■ **Work required**:
Look for the word "group" in the records, and copy each line where it appears.

■ **Exercise input**:
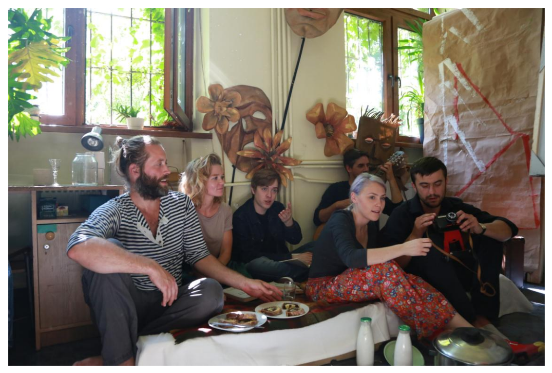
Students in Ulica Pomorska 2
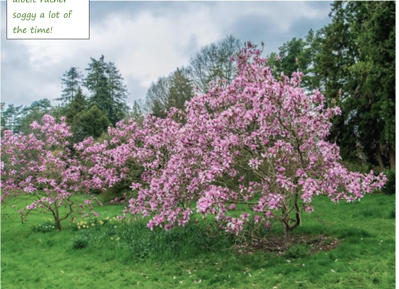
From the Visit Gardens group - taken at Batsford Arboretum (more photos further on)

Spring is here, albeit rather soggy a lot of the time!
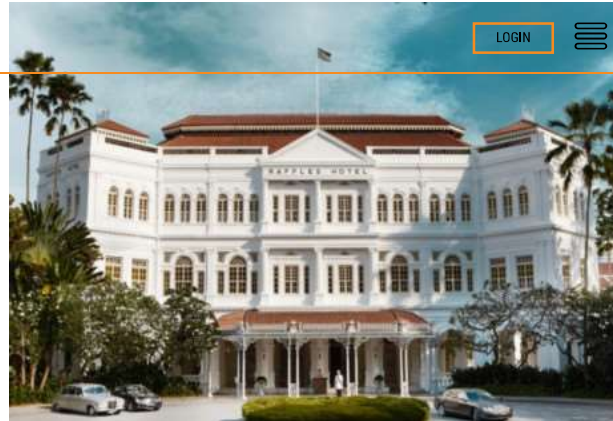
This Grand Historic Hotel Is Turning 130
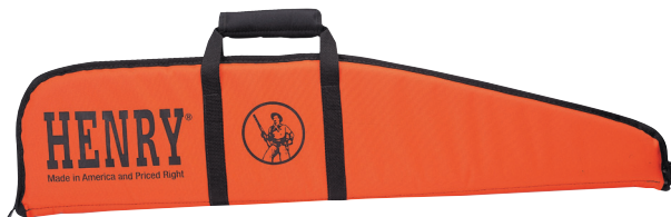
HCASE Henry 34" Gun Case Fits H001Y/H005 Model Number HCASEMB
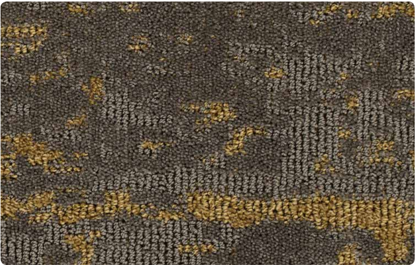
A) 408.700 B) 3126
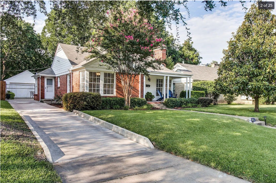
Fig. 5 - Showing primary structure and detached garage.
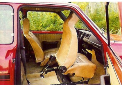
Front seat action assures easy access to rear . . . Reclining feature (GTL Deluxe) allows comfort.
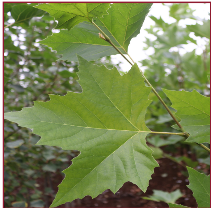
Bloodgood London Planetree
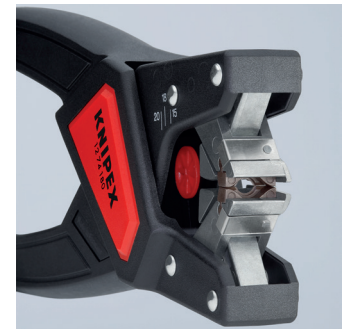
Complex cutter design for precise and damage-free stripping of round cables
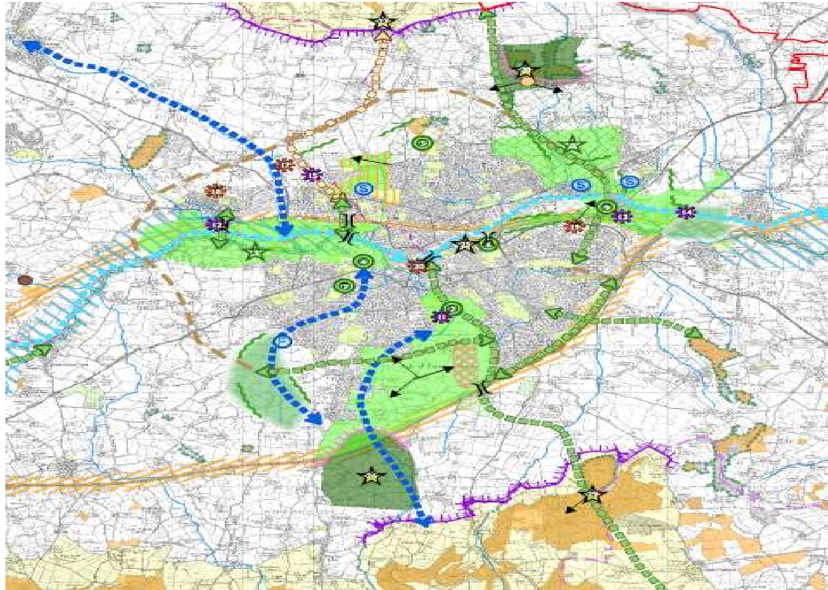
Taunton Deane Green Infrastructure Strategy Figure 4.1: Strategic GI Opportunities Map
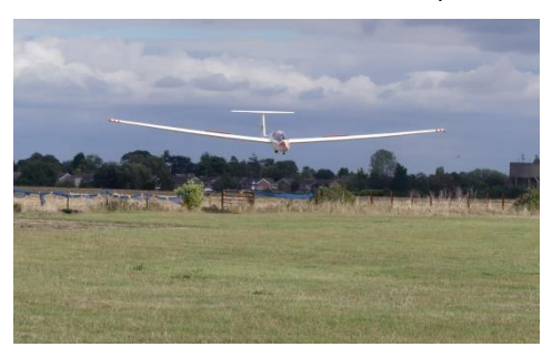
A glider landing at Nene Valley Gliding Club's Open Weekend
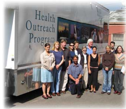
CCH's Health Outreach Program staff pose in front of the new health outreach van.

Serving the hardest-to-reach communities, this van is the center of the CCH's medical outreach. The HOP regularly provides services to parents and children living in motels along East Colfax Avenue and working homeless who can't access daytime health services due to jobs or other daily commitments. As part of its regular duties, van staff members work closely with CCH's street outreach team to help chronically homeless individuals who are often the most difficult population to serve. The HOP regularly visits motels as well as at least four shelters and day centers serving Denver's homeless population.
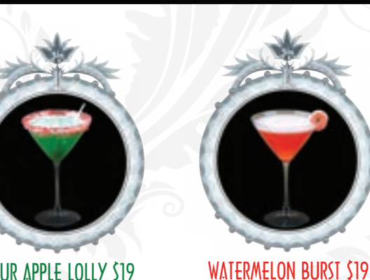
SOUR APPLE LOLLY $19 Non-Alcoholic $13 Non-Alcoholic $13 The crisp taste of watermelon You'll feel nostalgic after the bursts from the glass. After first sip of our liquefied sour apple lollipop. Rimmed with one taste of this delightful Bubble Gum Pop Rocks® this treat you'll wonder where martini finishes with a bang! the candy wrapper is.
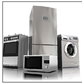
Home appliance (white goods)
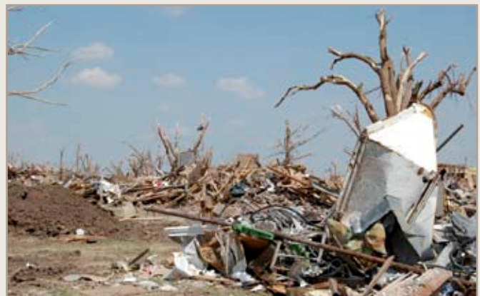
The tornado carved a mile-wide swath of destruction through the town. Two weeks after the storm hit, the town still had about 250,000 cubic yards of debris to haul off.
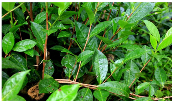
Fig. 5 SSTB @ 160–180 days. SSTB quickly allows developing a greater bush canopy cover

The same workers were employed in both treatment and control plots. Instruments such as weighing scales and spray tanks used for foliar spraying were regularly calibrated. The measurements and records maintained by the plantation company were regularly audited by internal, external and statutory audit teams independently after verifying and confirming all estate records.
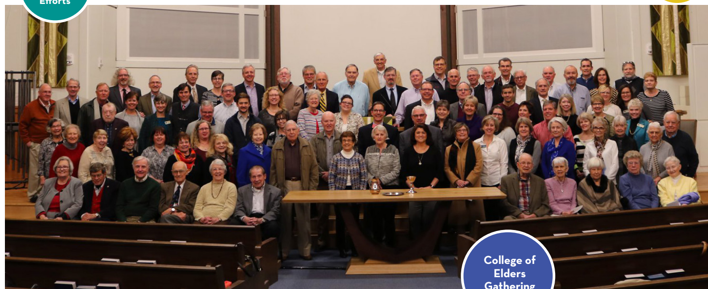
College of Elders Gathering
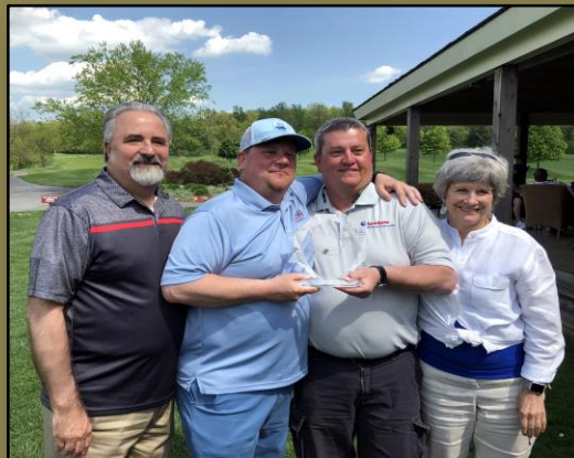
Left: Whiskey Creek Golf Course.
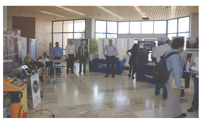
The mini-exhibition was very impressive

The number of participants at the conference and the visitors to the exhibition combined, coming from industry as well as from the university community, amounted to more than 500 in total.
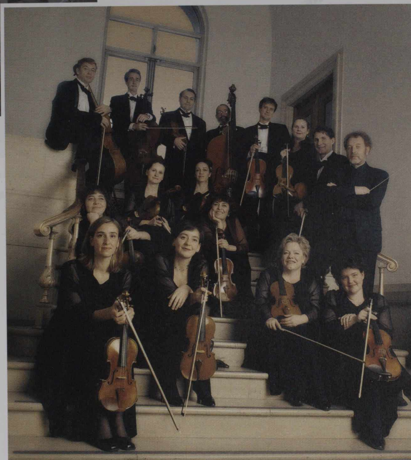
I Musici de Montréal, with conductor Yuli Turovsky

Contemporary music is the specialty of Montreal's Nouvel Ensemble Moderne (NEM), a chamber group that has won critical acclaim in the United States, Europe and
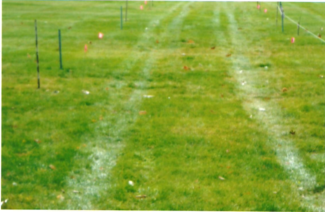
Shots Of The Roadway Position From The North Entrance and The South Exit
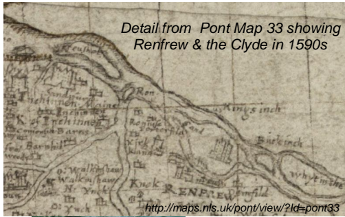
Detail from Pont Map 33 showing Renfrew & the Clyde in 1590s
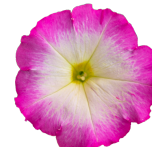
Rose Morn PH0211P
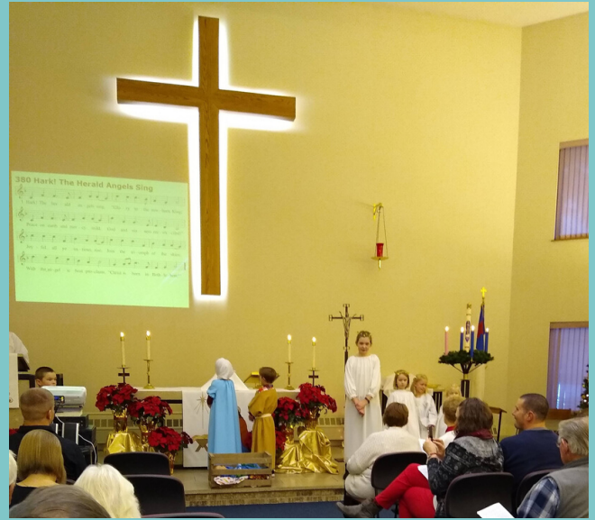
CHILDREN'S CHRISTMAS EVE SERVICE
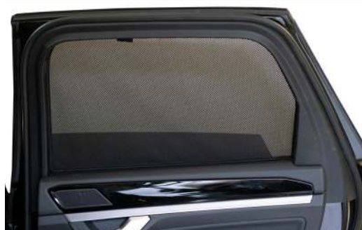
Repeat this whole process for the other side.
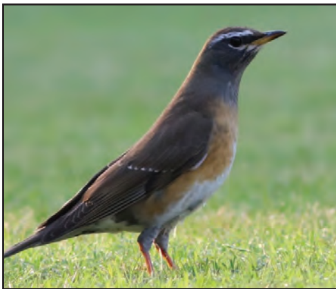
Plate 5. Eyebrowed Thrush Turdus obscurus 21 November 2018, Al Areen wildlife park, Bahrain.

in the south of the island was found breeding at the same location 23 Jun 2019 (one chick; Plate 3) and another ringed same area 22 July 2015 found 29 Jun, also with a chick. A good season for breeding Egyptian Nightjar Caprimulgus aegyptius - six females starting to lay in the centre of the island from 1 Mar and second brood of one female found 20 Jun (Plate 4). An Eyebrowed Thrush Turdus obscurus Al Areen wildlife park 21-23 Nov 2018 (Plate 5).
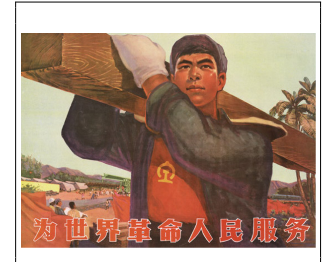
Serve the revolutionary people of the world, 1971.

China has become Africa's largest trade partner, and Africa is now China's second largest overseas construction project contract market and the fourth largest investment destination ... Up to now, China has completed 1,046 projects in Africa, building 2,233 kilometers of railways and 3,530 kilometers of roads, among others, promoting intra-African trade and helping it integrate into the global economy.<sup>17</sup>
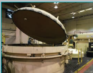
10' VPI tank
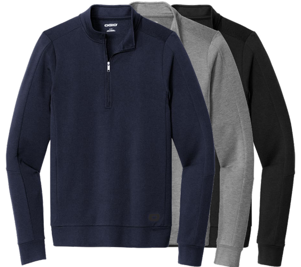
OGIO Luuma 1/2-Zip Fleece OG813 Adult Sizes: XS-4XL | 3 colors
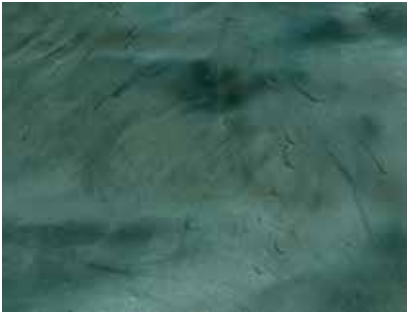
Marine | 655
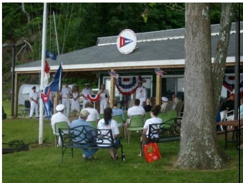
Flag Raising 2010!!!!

■ **Response to this exercise**:
From the Visit Gardens group - taken at Batsford Arboretum (more photos further on)
Contemporary music is the specialty of Montreal's Nouvel Ensemble Moderne (NEM), a chamber group that has won critical acclaim in the United States, Europe and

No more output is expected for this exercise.